Senator Robert O’Leary (D-Barnstable), lead sponsor of the bill and Senate chairman of the Joint Committee on Education, said: “This bill represents a collaborative effort by educational stakeholders from around the state. In addition to putting Massachusetts in a competitive position for federal Race to the Top funds, this bill encourages innovation in school districts and will equip underperforming schools with the tools they need to turn around. All in all, this is a good, well-balanced bill that I am proud of, and which I believe puts our education system on the right path to better serving all of our students.”

An Act Relative To Education Reform (Senate, No. 2205) creates Innovation Schools, which are district public schools with increased autonomy and flexibility to operate. Any school, in any district, may take advantage of this new model, and the funding of these schools is the same as for any other school in the district.

Any groups or individuals can submit proposals for innovation schools and approval depends on collaborative evaluation by the school committees, teachers union and superintendent.

The bill also addresses “underperforming” and “chronically underperforming” schools by authorizing the commissioner of elementary and secondary education to intervene and work with school superintendents to develop turnaround plans for those schools.

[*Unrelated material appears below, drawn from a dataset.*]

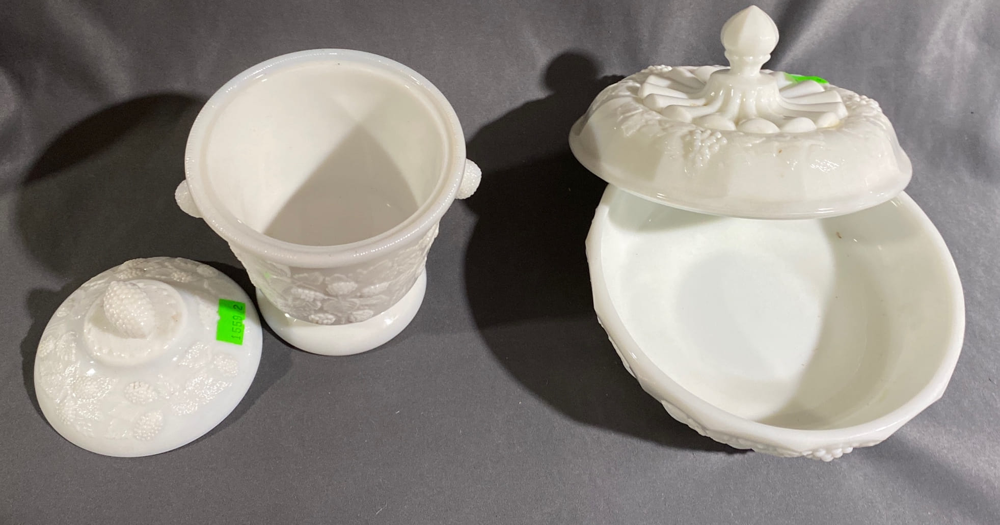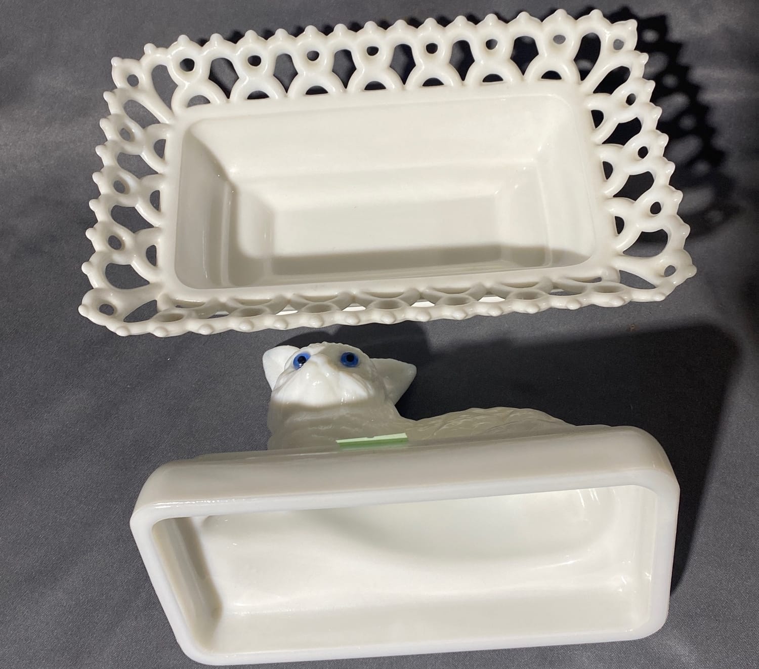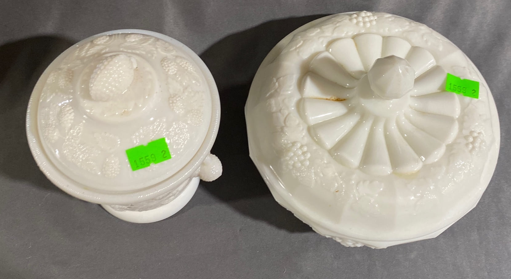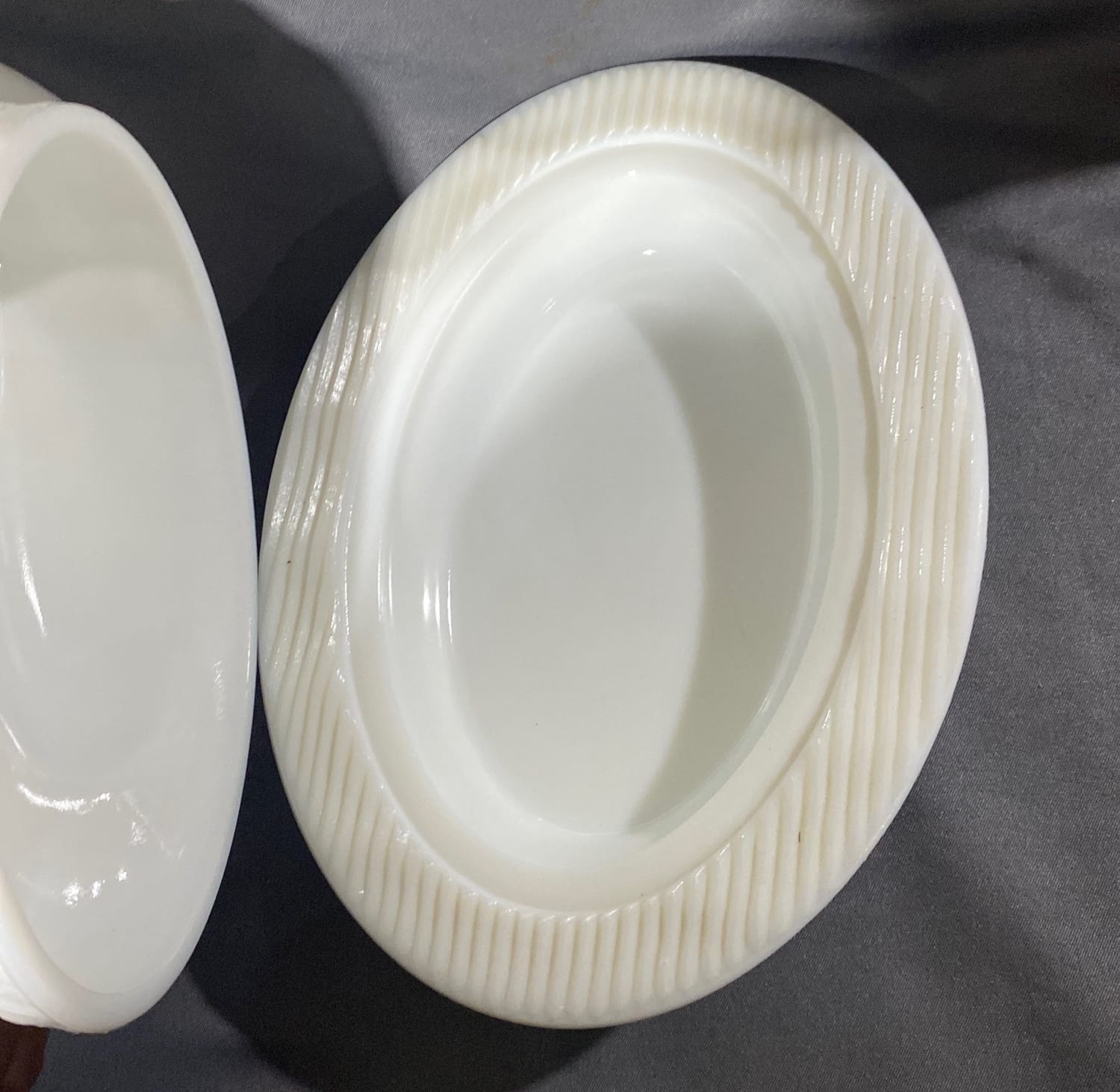 1206 Westmoreland milk glass divided dish 9", Westmoreland pedestal dish 4"x6"

Plans can be approved for up to three years. Upon expiration of the plan, the commissioner will review the school and decide whether the school has improved sufficiently, requires further improvement or has failed to improve at all. If no improvement has occurred, the commissioner can take steps to institute dramatic turn around.

Schools that score in the lowest 20 percent in the statewide Composite Performance Index are designated as either underperforming or chronically underperforming. No more than 5 percent of the state’s schools can have either designation at any given time.

A final piece of the bill removes the cap that limits the state’s total charter school population to 4 percent. It also raises the state spending cap for charter schools from 9 to 18 percent of net school spending in the lowest 10 percent performing districts.

The legislation requires charter schools to develop recruitment and retention plans which include annual goals and specific strategies to attract, enroll and retain low-income, special-education, limited-English, and sub-proficient students.

All the changes provided in the legislation strengthen the Commonwealth’s ability to compete for federal “Race to the Top” grant money worth $150 million to $250 million which represents a one-time-only opportunity to maintain and improve our education system, especially in these tough fiscal times when budgets are being slashed and programs are being cut.

The application deadline for these funds is fast approaching, and the Senate’s vote puts Massachusetts one step closer to obtaining these funds.

The bill now goes to the House of Representatives for further action.